Because the woman at the well mentions Jacob, we quite naturally expect to find Jacob connected to wells. In this, we are not disappointed. Indeed, having seen Abraham and Isaac in connection with such, we would have to be astonished not to find similar stories concerning Jacob. Like Abraham’s servant, who had found Isaac’s wife (Jacob’s mother) through an event at a well, so too does Jacob find a wife for himself in much the same way. In Genesis twenty-nine, Jacob, having fled from his father’s house because of the ruse and fraud he had perpetrated upon his father and his brother (the source of a none-too-minor dispute between Jacob and his brother), “saw in the field a well with three flocks of sheep lying beside it, because the flocks were watered from that well” (29:2a). Providentially, Jacob, though this is the place to which he has been directed by his mother, presumably comes to the same well to which the servant of Abraham had come, and at which he is able to make inquiries concerning his mother’s brother, Laban. It is in concert with this inquiry that one of his future wives, Rachel, is introduced into the narrative, as she was coming towards the well with her father’s sheep (29:6).
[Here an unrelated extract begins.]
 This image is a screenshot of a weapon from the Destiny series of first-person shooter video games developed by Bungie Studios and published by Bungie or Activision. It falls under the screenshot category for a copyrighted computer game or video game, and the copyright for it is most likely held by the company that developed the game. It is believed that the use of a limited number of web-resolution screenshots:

In contrast to what we saw with Abraham’s servant, whose plea to the Lord was answered with Rebekah watering his animals, Jacob “went over and rolled the stone off the mouth of the well and watered the sheep of his uncle Laban” (29:10b). Similar to what we have seen previously from him, when Rachel informs her father about Jacob’s presence, “he rushed out to meet him. He embraced him and kissed him and brought him to his house” (29:13b). Fascinatingly, this is the only well that we see in connection with Jacob, as part of the Scriptural narrative. Never do we see anything referred to as “Jacob’s well,” as alluded to by the Johnannine author and the Samaritan woman. Now, this is not to say that there was no such thing as Jacob’s well, as it is most likely, due to its location, a well located within the territory of the promised land that was bequeathed to Joseph before Jacob’s death. With such knowledge, we can surmise that a well there came to be known as “Jacob’s well,” even if there was no overt connection to Jacob within the shared historical memory of Israel. This piece of information, however, does nothing to change the nature of the encounter between Jesus and the Samaritan woman. The fact remains that a tradition of wells would underscore the thoughts of Jesus, His disciples, the woman at the well, the townsfolk that hear the woman and her story, and the author of the narrative.
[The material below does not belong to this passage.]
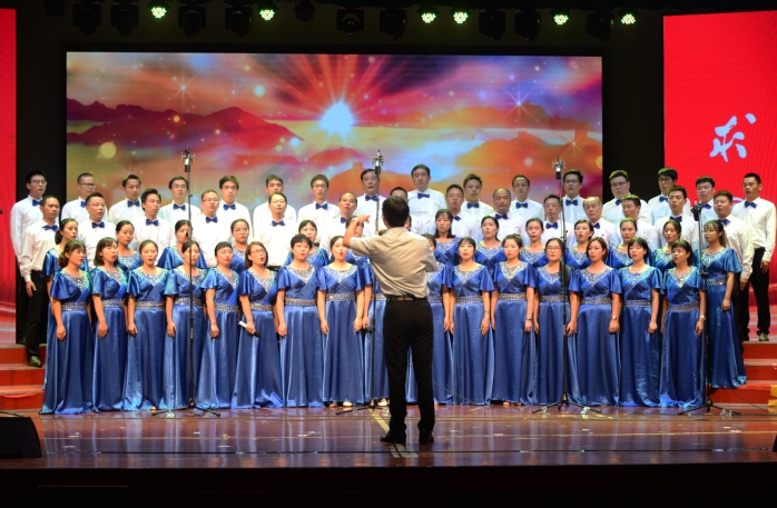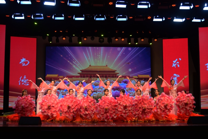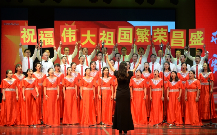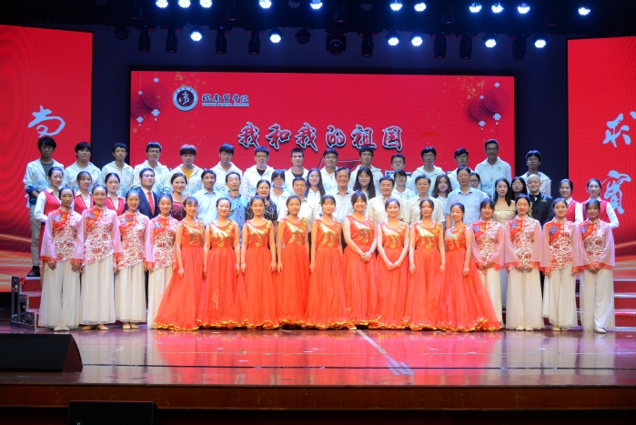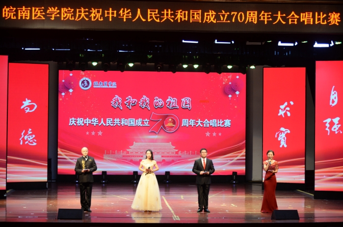 嘹亮歌声颂祖国,深情祝福庆华诞。为庆祝新中国成立70周年,充分激发爱国热情、广泛凝聚奋进力量,营造不忘初心、牢记使命、高举旗帜、砥砺前行的浓厚氛围。9月28日下午,我校在大学生活动中心举办了题为“我和我的祖国”庆祝中华人民共和国成立70周年大合唱比赛,校党委书记章尧,党委副书记、院长廖圣宝,纪委书记刘人人,副院长吴金月、郑兰荣参加比赛。比赛共分三个篇章:开天辟地篇、春天的故事篇和走进新时代篇,12个分工会轮番登台、倾情放歌,用嘹亮的歌声向祖国表达崇高的敬意,为新中国成立70周年献上诚挚的祝福。

From here, we depart from Genesis, moving on to Exodus, which is the event (so much more than just the title of the book) that gives definitive shape to Israel’s self-consciousness. Indeed, it can even be said that the understanding of the God of Abraham, Isaac, and Jacob, as revealed in Genesis, is shaped by the self-revelation of that God as the God of Israel’s exodus. This means that the God that reveals Himself as One Who works and intervenes on behalf of His people and His creation, from the beginning of the Genesis narrative, is understood through the lens of the God that liberated Israel from Egypt, provided them a covenant charge, with guidance as to how to live up to their covenant responsibilities, and guided them to their promised land. This holds especially true if Moses is indeed the primary author/compiler/compose of the Torah, thus making it impossible to separate the notion of exodus (rescue, deliverance, redemption, restoration, etc…) from thoughts about the Creator God of Israel. Indeed, thinking along such lines allows us to view Genesis one and two as a divine rescue, much like Israel was divinely rescued from their Egyptian bondage.
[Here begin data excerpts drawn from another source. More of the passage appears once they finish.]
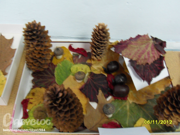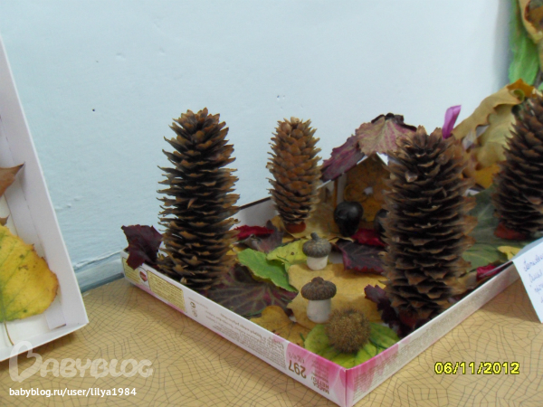 Не успели пойти в садик, как уже задали поделку на тему осени. Ну что ж, вот что у нас получилось. "Семья улиток в осеннем лесу".
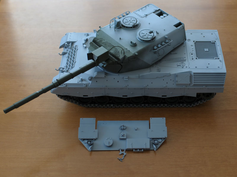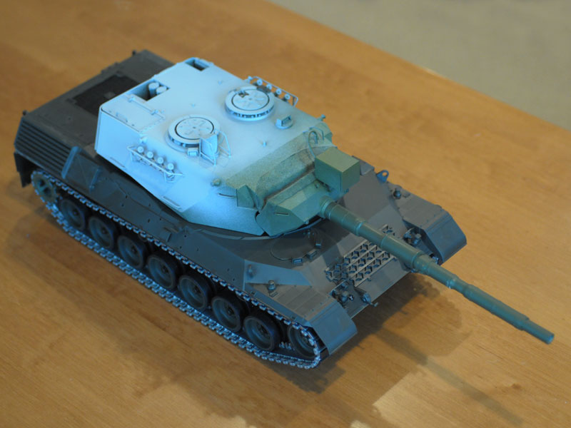 Work in progress photo review on converting the newly re-released Tamiya Static Leopard A4 to full option.
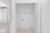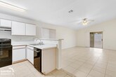 Comfortable 3Bdm 2Ba Home in Sun City! Spacious open-concept layout showcases neutral tile flooring, a ceiling fan for added comfort, and sliding glass access to the backyard for effortless indoor-outdoor living. The open flow leads into a well-appointed kitchen with generous cabinetry, expansive counters, and a functional breakfast bar overlooking the main living space. Black appliances and a double sink complete the setup. Cozy sleeping quarters include plush carpeting, modern ceiling fan lighting, dual windows for natural brightness, and a wall-to-wall sliding closet for ample storage. The updated bath features a spotless shower-tub combo with fresh white tile, built-in shelving, and a curved curtain rod for added space. A dedicated laundry room with washer and dryer connections adds convenience and practicality. Outside, a low-maintenance yard awaits with a covered patio and built-in fire pit ideal for entertaining or relaxing under the Arizona sky.Pets with approval via process. This property allows self guided viewing without an appointment. Contact for details.
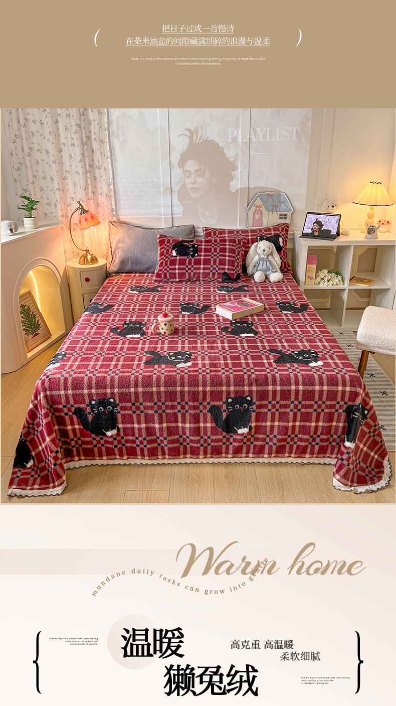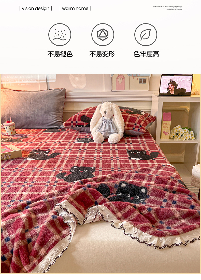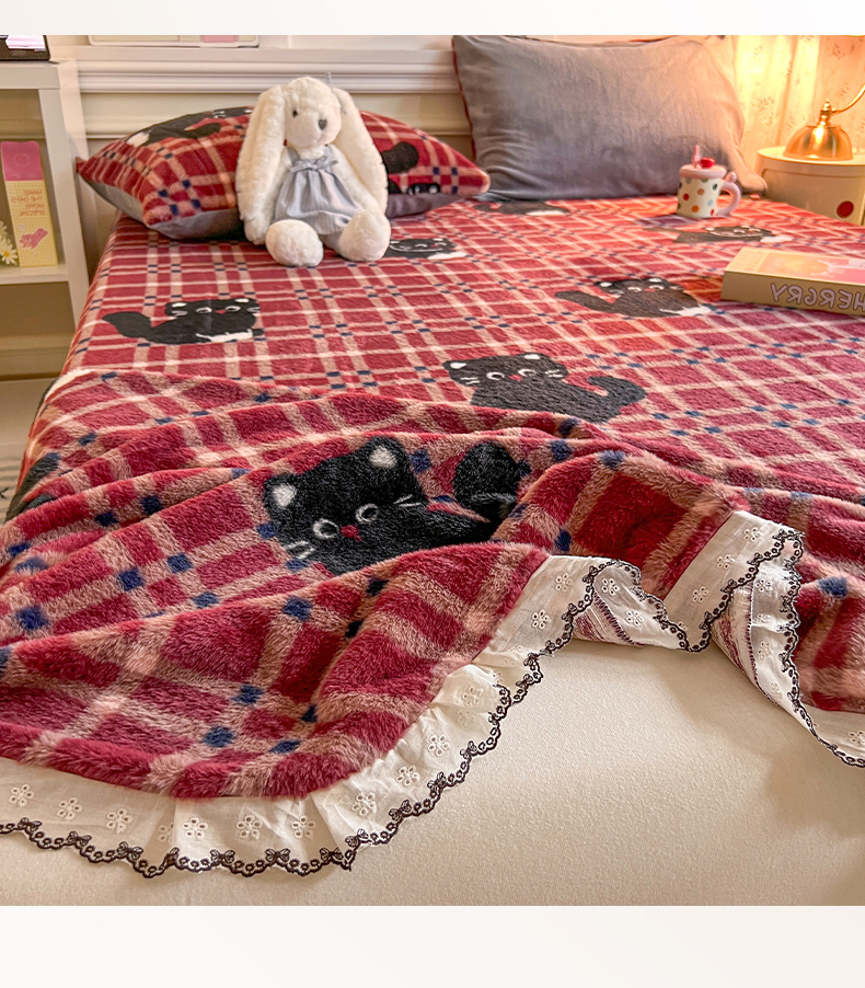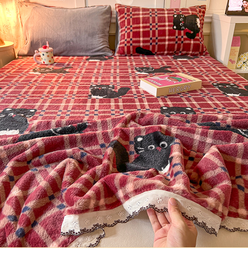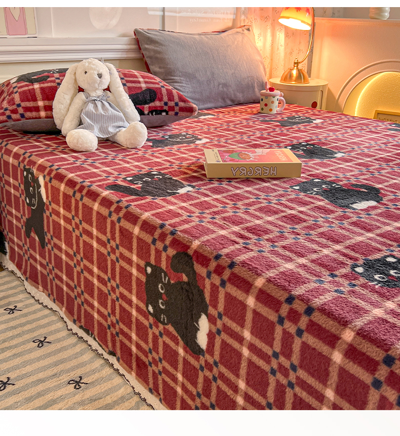 妖妖家纺 2025新款高克重兔毛花边印花单床单 床单单件 淘气猫
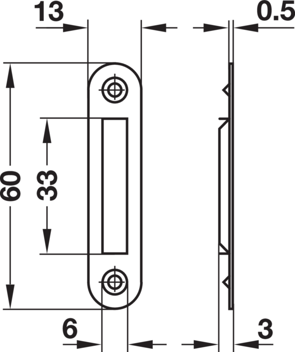 239.05.704 Häfele Zárlemez 13x60mm Nikkelezett

With such thoughts reverberating within our minds during our conscientious approach to the broad Scriptural narrative, we are thoroughly unsurprised to see Moses, after fleeing Egypt in the wake of his murder of an Egyptian that had been mis-treating an Israelite, settling in the land of Midian and doing so by a “certain well” (Exodus 2:15b). Our level of surprise continues in its restraint as we read that “a priest of Midian had seven daughters, and they came and began to draw water and fill the troughs in order to water their father’s flock. When some shepherds came and drove them away, Moses came up and defended them and then watered their flock” (2:16-17). In this, Moses becomes like Jacob, watering the flock for one who will eventually come to be his wife. Like we saw with Rebekah and Rachel, there was a rush to return home so that these girls might share their story with their father (2:18-19). In response, Moses is summoned to the home of the priest. He “agreed to stay with the man, and he gave his daughter Zipporah to Moses in marriage” (2:21). With this third patriarchal (in the broadest sense) instance of a wife being found at a well, it is with interest that we note that part of Jesus’ conversation at the well, with the Samaritan woman---the part that convinces her of His status as a prophet, centers upon the subject of marriage. It is almost as if to say that the woman, who actually lacks a husband though it is said that she has had several, has come to the well, and through this encounter with the one that can truly provide water (as did Jacob and Moses), she found herself a true and lasting husband.